Sobald patientenbezogene Daten in einer Rechnung stehen (z. B. Name, Diagnose, Behandlungsverlauf), greifen DSGVO und ärztliche Schweigepflicht. Praktisch heißt das:

  • Verschlüsselter Versand (S/MIME, TLS).
  • Verschlüsselte Archivierung.
  • Auftragsverarbeitungsvertrag mit allen IT-Dienstleistern.
  • Kein Versand über offene E-Mail-Kanäle ohne Verschlüsselung.

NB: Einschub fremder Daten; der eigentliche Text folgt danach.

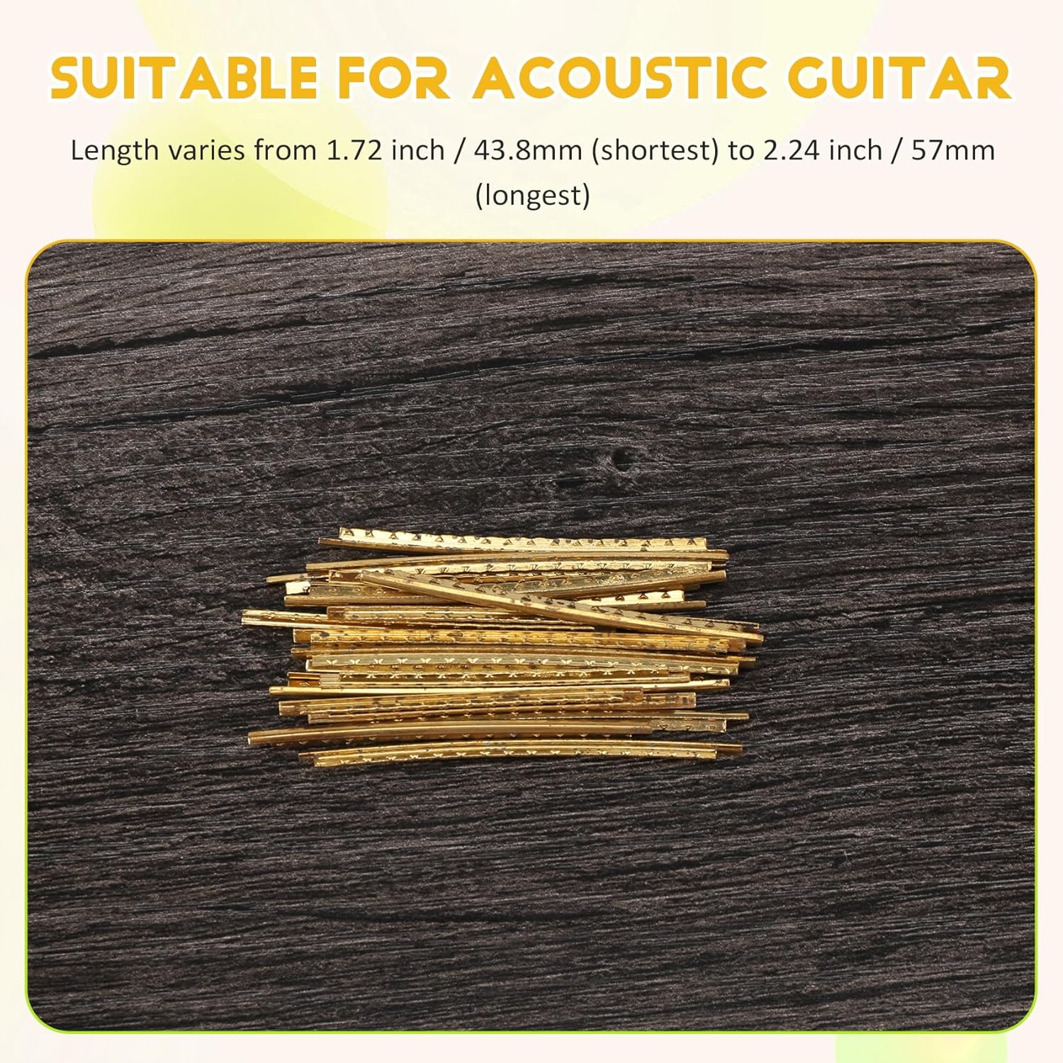 adatto per chitarra acustica 100 % di zecca e alta qualità la lunghezza varia da 1,72 pollici / 43,8 mm (il più corto) a 2,24 pollici / 57 mm (il più lungo) ogni larghezza della del tasto è di ca. 0,078 pollici / 2 mm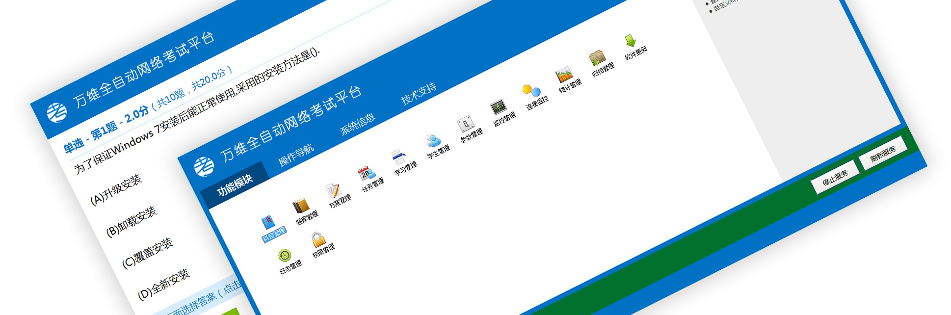万维全自动网络考试平台以识别准确、设计独到、安全可靠而成为国内全自动测评考试系统中的精品。使用万维全自动网络考试平台可以按照自身需求自由组织考试,测评考试结束后系统自动评分,即刻得到测评结果,形成详细的成绩分析报告,全面反映教学效果,为改进教学作参考。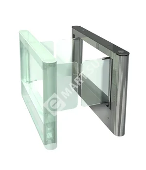 OMA 86.888 AV - Одна тонкая боковая стойка турникета с картоприемником без считывателя для реверсивного турникета мат-ома-ш дуплекс. Самостоятельно не используется. Нужна еще боковая стойка для одноканального турникета и еще центральные стойки для многоканального. Две створки из закаленного стекла установлены на валы турникета. Два моторных привода створок. Блок из 8 фотодатчиков для оптической линий контроля. Встроенные яркие led индикаторы. Пульт системный, кабель управления и кабель связи в комплекте. Ширину прохода канала в пределах 690-812 мм укажите в примечании к заказу. Стойка упакована в ящик из двп, крышка - в гофрокартон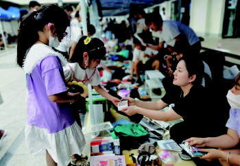 临近毕业,跳蚤市场在哈尔滨工业大学威海校区的大学生服务区火热开场。书籍、衣物、球拍、化妆品、日用品摆满现场,吸引了在校生、教职工及家属前来“淘宝”。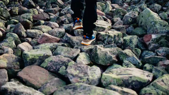 Person Hiking on Rocky Terrain in Luleå, Sweden. Close-up of Hiking Boots Walking. Adventure in the Swedish Outdoors.

Bei Lieferanten-Rechnungen ohne Patientenbezug gilt das Standard-DSGVO-Niveau. Mehr in Datenschutz.

Aufbewahrung

Steuerlich gilt die 10-Jahres-Frist. Patientendaten haben eigene Fristen aus dem Berufsrecht (z. B. 10 Jahre nach Behandlungsende, bei Röntgen und Strahlentherapie länger). Im Zweifel die längere Frist anwenden. Mehr in Aufbewahrungspflicht.

Besonderheiten bei Bundeswehr und Bundesinstituten

Aufträge des Bundeswehrkrankenhauses oder Robert-Koch-Instituts laufen wie alle Bundes-Aufträge über das ZRE-Portal. Lieferanten müssen XRechnung 3.x liefern, mit gültiger Leitweg-ID.

Häufige Fragen

Muss meine Arztpraxis Rechnungen an Patienten als E-Rechnung ausstellen?

Nein. Privatpatienten sind Verbraucher, B2C ist nicht E-Rechnungs-pflichtig. Eine sauber strukturierte PDF-Rechnung reicht.

Wir liefern an die Universitätsklinik – brauchen wir XRechnung?

Ja. Universitätskliniken sind in der Regel öffentliche Auftraggeber, je nach Bundesland teils mit eigenen Portalen.

Wie wird die USt-Befreiung von Heilbehandlung in der XRechnung angegeben?

Steuerkategorie E, Steuersatz 0, Begründungscode VATEX-EU-132-1C (medizinische Versorgung).

Reicht die Standardsoftware unserer Klinik?

Klinik-ERP-Systeme bieten zunehmend E-Rechnungs-Module. Vor Einführung gezielt nach XRechnung 3.x und Peppol-Anbindung fragen.

Wir machen GOÄ-Rechnungen – ist das XRechnung?

Nein. GOÄ ist die Gebührenordnung, kein technisches Format. Die Rechnung kann als PDF oder als ZUGFeRD ausgestellt werden, wobei B2C kein Zwang besteht.